The human eye covers a limited range of wavelengths and telescopes can only record emissions in a certain region of the electromagnetic spectrum. However, the most modern image processing technologies allow them to be combined to appreciate the overwhelming complexity and beauty of the universe.
NASA experts have combined images of various space objects captured in visible light , infrared or X-rays , achieving a dazzling result. Since different wavelengths of light have different energies, this allows astronomers to better understand the energetic dynamics of these striking cosmic formations.
The contribution of the Chandra space telescope has been key in the five examples selected this week for publication. The team that processes the data from the Chandra X-ray Observatory is behind this extraordinary ‘constellation’ of photographs.
The cosmic object of the constellation of Aquarius designated with the letter ‘R’ (R Aquarii) consists of two stars located 650 light years from Earth : a red giant, known as the variable star Mira and a white dwarf without its own name . They are not perceived as two points of light, since both stars are closely interrelated. If you combine the Chandra X-ray images (in purple in the image), with the Hubble Space Telescope ‘s near-infrared and visible-light observations (red and blue), you can see the link between them.
As explained by NASA, the group forms a violent ‘dance of death’. One of the stars reaches the end of its ‘service life’, having lost at least half its mass, but when it shines it reaches a brightness 1,000 times greater than that of the Sun.
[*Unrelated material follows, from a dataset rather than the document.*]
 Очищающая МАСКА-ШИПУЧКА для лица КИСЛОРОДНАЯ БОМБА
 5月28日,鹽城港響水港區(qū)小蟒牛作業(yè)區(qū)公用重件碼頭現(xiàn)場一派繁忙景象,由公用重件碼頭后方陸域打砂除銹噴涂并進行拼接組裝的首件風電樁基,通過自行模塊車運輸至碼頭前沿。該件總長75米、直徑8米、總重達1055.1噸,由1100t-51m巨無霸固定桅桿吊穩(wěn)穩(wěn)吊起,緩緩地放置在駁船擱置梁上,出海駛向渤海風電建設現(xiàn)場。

In this sense, the dwarf can be considered a ‘dead’ star, since it exhausts its nuclear fuel, although as it expels matter, the red star absorbs it, accumulating on its surface. This occasionally results in huge thermonuclear explosions that launch such matter into outer space.
This interaction explains why we see not just two bright spots, but a lot of dust and gas in a nebula around the binary system, stirred by its gravitational interactions and explosive shock waves.
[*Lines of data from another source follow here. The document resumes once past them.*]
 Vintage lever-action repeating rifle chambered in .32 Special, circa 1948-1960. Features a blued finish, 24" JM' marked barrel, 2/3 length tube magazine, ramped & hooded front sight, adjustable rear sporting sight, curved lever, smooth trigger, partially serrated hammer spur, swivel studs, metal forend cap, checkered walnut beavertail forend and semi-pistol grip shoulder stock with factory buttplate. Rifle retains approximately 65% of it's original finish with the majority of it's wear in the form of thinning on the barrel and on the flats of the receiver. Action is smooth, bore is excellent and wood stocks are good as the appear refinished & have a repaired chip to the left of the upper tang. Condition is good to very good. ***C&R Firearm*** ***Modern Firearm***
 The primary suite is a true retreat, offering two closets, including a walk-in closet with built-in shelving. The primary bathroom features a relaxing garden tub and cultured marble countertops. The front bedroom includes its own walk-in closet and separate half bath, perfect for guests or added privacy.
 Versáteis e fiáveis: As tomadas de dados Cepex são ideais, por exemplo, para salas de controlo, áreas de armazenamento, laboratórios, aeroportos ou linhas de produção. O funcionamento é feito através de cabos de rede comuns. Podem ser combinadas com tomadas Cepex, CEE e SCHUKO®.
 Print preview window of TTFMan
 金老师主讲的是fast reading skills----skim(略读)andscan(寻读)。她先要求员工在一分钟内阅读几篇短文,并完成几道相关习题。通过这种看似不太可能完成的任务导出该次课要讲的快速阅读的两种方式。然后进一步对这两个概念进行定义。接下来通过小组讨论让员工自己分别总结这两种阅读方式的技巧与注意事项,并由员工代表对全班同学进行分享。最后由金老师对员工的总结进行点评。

One of the best studied objects in the Milky Way is Cassiopeia A , located 11,000 light-years away . It is what astronomers consider to be a supernova remnant : they never saw the huge explosion that generated it, but they know that its place was taken by a very large star and they even know the heavy elements that constituted it. In fact, information collected by the Chandra telescope has allowed them to calculate that the remnant cloud contains the equivalent of 10,000 Earth masses of sulfur , 20,000 Earth masses of silicon, 70,000 Earth masses of iron, and 1 million Earth masses of oxygen.
NASA’s combined image includes one in X-rays and one in different ranges of the electromagnetic spectrum (dark purple, blue, and white from the Karl Jansky Very Large Array Observatory), in addition to optical data from the Hubble Telescope (orange) .
Today it is the brightest astronomical radio source in the night sky, recording frequencies above 1 GHz. Also impressive is the size of the expanding cloud of stellar material, which measures 10 light-years across.